Many a bitter tear was shed, during the hasty flight of Queen Mary, over fallen hopes, future prospects, and slaughtered friends. The deaths of the brave Douglas, and of the fiery but gallant young Seyton, seemed to affect the Queen as much as the fall from the throne, on which she had so nearly been again seated. Catherine Seyton devoured in secret her own grief, anxious to support the broken spirits of her mistress; and the Abbot, bending his troubled thoughts upon futurity, endeavoured in vain to form some plan which had a shadow of hope. The spirit of young Roland--for he also mingled in the hasty debates held by the companions of the Queen's flight--continued unchecked and unbroken.
"Your Majesty," he said, "has lost a battle--Your ancestor, Bruce, lost seven successively, ere he sat triumphant on the Scottish throne, and proclaimed with the voice of a victor, in the field of Bannockburn, the independence of his country. Are not these heaths, which we may traverse at will, better than the locked, guarded, and lake-moated Castle of Lochleven?--We are free--in that one word there is comfort for all our losses."

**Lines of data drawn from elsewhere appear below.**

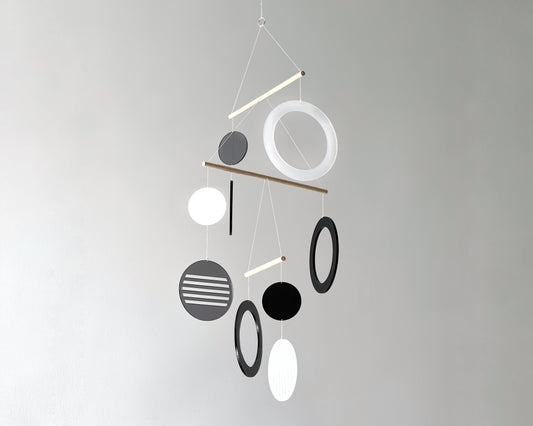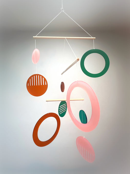 The Luna Mobile - A stunning baby and adult mobile piece of hanging kinetic art that will bring colour and joy to any room. A modern mobile handcrafted from responsibly sourced wooden dowels, this unique kinetic mobile mobile features 9 semi transparent frosted soft coloured Perspex ( safe acrylic ) disks that hang together in perfect harmony.
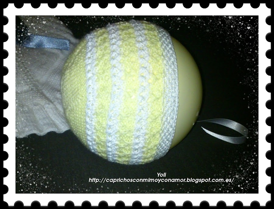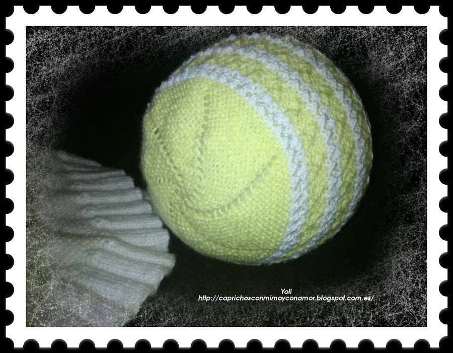 Y ahora un conjunto echo de sobras de lana y perlé, no dio para mas quedo chiquitín de primera primerísima postura pero la verdad es que cuando nacen todo les queda enorme, así que este modelo sería el ideal para esos primeros días y ademas amarillo!!!!!
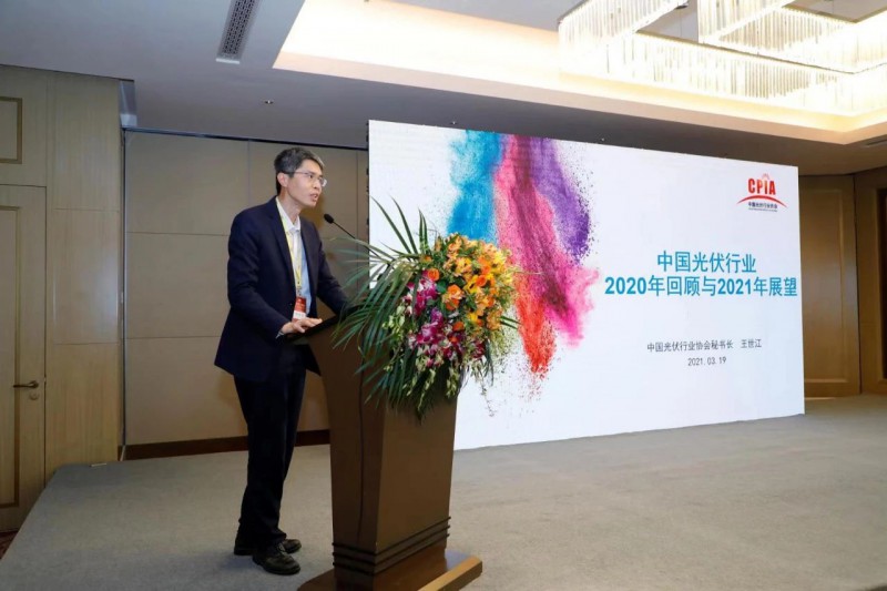 論壇上,中國光伏行業(yè)協(xié)會王世江秘書長做了題為《2020年中國光伏行業(yè)回顧和2021年中國光伏行業(yè)展望》的主題演講。王秘書長指出,2020年,國內(nèi)光伏電站裝機規(guī)模持續(xù)提升,投資成本繼續(xù)下降,產(chǎn)業(yè)集中度快速提升,技術(shù)不斷發(fā)展,融資規(guī)模不斷擴大,國際化布局不斷加強;展望2021年,全球光伏市場規(guī)模將加速擴大,源網(wǎng)荷儲一體化和多能互補大基地將成為電站開發(fā)關(guān)注熱點,技術(shù)快速迭代,行業(yè)將迎來擴產(chǎn)潮,“光伏+”模式帶來更多應(yīng)用可能性,預(yù)計光伏將占據(jù)可再生能源增量市場半壁江山。
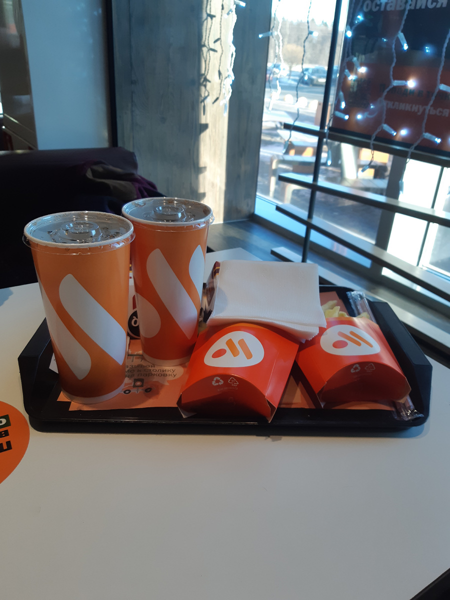 Всем доброго времени суток. Ну, что, потащила я сегодня мужа в русский Макдональдс. Захотелось предаться ностальгии в свой день рождения. Раньше с дочкой любили забегать туда. Набор всегда брали стандартный - картошка фри маленькая, бигмак, кола, мороженое. Иногда - пирожок с вишней. Ходили редко, не чаще раз в месяц.Для настроения. Всё нас устраивало. Сегодня ребёнок далеко, завтра экзамен сдаёт.Схожу с мужем, пока оба свободны. Пришли. Времени было около 12 часов. Народу немного, нашли место свободное. Муж сел ждать, сказав, что он будет. Я пошла на кассу. На кассе - женщина, лет тридцати, южной национальности. Начала я с мороженого. -"Мороженого нет, аппарат сломался и вообще не известно, когда починят, нескоро, скорее всего"- с улыбкой было сообщено мне. Я немного расстроилась, ну, да ладно, думаю, возьмём потом в другом месте. Начала делать заказ. Выяснилось, что сотрудница не очень хорошо владеет русским языком, я не понимала, что она имеет ввиду, а она - меня. Народа, правд
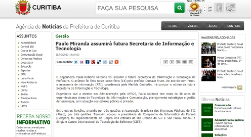 No dia 15 de fevereiro de 2013, o prefeito Gustavo Fruet (PDT) anunciou que o engenheiro Paulo Roberto Miranda assumiria a futura Secretaria de Informação e Tecnologia da Prefeitura. Somente nesta quarta-feira, dia 19, portanto mais de um ano depois, a Câmara de Vereadores aprovou a criação da Secretaria que, mesmo sem existir, já tinha secretário.
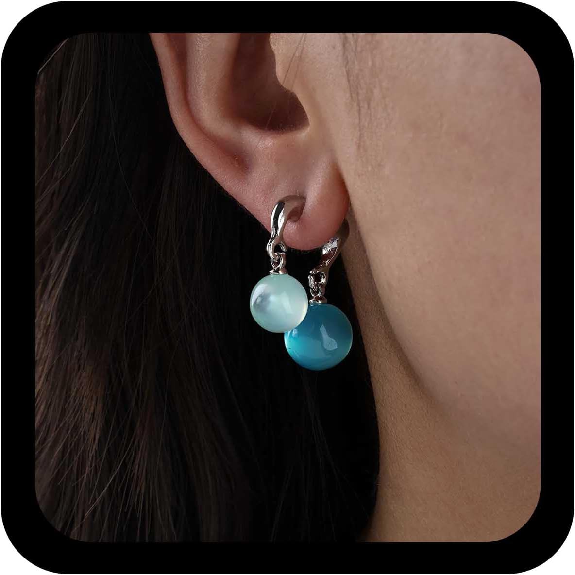 Boho Glass Bead Dangle Earrings Ball Ear Jacket Earrings Glass Ball Drop Earring Beads Double Sided Earring Blue Gemstone Dangle Front Back Jewelry for Women
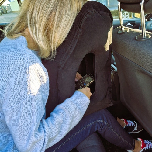 Un alt avantaj esential este prezenta unui decupaj frontal pentru fata si a doua orificii pentru maini, care ofera suport optim pentru cap si permit folosirea confortabila a telefonului mobil sau a altor dispozitive. Aceste detalii cresc semnificativ gradul de confort si ajuta la combaterea plictiselii in timpul calatoriilor.
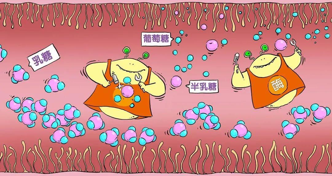 但乳糖不耐受人羣體內缺少乳糖酶,當大量牛奶進入小腸後,僅有的乳糖酶會將牛奶中的乳糖分解成葡萄糖和半乳糖。
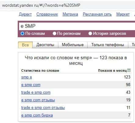 Второй запрос в Яндекс на английском языке "e SMP" выдает уже результат в 123 показа в месяц. Это существенно больше, чем в предыдущем случае.
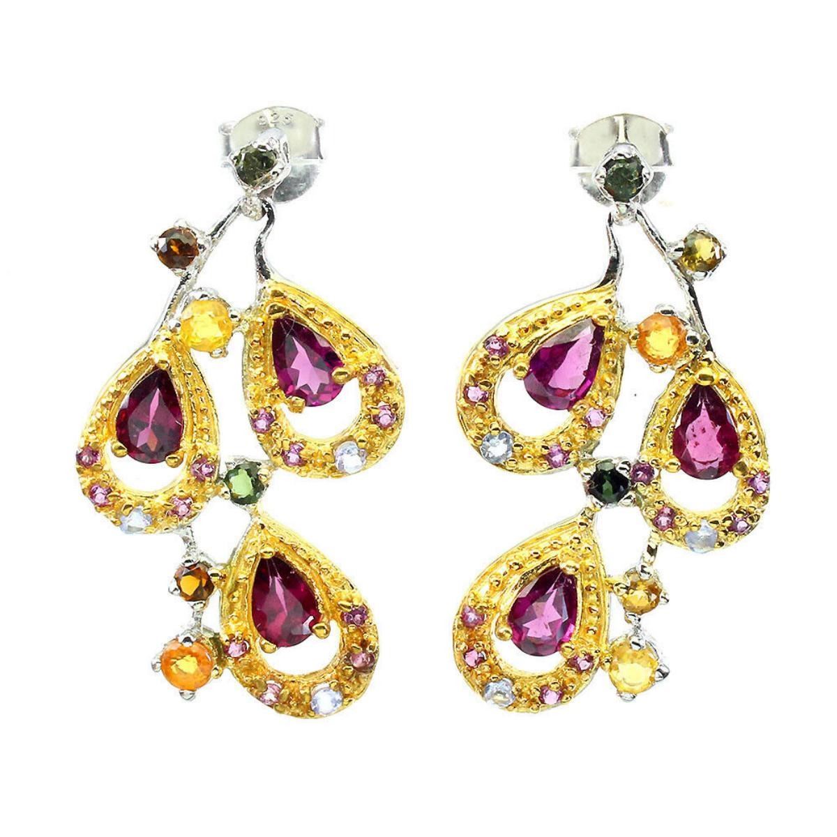 925 STERLING SILVER;PLATE-2-TONE WHITE & YELLOW 14K GOLD;MAIN STONE-RHODOLITE GARNET;OTHER GEMS-TANZANITE, TOURMALINE;TOTAL WEIGHT-7.07 GRAM (TOTAL WEIGHT OF SILVER + STONE);DIMENSION* -STONE 1.5 TO 6.0 X 4.0 MM.* FACE EARRINGS 34.0 X 20.0 MM.;MAIN STONE SHAPE-PEAR CUT;MAIN STONE COLOR-PINK RASPBERRY;CLARITY/GRADE-IF TO VVS;TREATMENT-UNHEATED;ORIGIN-AFRICA;HARDNESS-7.0 - 7.5;

He struck a bold note, but the heart of Mary made no response.
"Better," she said, "I had still been in Lochleven, than seen the slaughter made by rebels among the subjects who offered themselves to death for my sake. Speak not to me of farther efforts--they would only cost the lives of you, the friends who recommend them! I would not again undergo what I felt, when I saw from yonder mount the swords of the fell horsemen of Morton raging among the faithful Seytons and Hamiltons, for their loyalty to their Queen--I would not again feel what I felt when Douglas's life-blood stained my mantle for his love to Mary Stewart--not to be empress of all that Britain's seas enclose. Find for me some place where I can hide my unhappy head, which brings destruction on all who love it--it is the last favour that Mary asks of her faithful followers."
In this dejected mood, but still pursuing her flight with unabated rapidity, the unfortunate Mary, after having been joined by Lord Herries and a few followers, at length halted, for the first time, at the Abbey of Dundrennan, nearly sixty miles distant from the field of battle. In this remote quarter of Galloway, the Reformation not having yet been strictly enforced against the monks, a few still lingered in their cells unmolested; and the Prior, with tears and reverence, received the fugitive Queen at the gate of his convent.